- DATASET RECORDS
::::
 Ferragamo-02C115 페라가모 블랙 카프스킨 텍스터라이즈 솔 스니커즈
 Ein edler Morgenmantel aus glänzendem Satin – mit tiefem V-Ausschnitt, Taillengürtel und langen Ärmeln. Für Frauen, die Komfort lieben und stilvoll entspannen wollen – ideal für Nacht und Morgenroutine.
::::
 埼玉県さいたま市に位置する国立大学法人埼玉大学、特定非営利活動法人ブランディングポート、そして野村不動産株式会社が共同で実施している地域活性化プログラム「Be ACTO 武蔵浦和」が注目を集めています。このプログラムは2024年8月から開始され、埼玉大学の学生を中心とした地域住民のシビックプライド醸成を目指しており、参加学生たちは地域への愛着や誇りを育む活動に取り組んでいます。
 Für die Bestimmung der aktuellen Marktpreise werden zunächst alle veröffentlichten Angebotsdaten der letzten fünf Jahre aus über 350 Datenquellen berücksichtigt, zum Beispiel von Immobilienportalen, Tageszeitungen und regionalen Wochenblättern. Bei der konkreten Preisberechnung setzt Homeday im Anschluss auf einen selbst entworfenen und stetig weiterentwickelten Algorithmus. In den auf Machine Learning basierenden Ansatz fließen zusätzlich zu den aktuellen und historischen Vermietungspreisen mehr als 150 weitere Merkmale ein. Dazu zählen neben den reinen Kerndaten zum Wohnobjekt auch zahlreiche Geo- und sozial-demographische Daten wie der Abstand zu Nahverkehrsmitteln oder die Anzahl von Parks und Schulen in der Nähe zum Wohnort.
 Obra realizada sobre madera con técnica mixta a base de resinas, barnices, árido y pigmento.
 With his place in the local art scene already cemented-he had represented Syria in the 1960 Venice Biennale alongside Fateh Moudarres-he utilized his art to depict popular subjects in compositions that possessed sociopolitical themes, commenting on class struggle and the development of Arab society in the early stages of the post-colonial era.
::::
- THE TASK
Starting at the line that has "Ferragamo-02C115 페라가모 블랙 카프스킨 텍스터라이즈 솔 스니커즈" and ending at the line that has "Ein edler Morgenmantel", please write out the lines above exactly, leaving out all others.

- RESULT FOR THIS TASK
 Ferragamo-02C115 페라가모 블랙 카프스킨 텍스터라이즈 솔 스니커즈
 Ein edler Morgenmantel aus glänzendem Satin – mit tiefem V-Ausschnitt, Taillengürtel und langen Ärmeln. Für Frauen, die Komfort lieben und stilvoll entspannen wollen – ideal für Nacht und Morgenroutine.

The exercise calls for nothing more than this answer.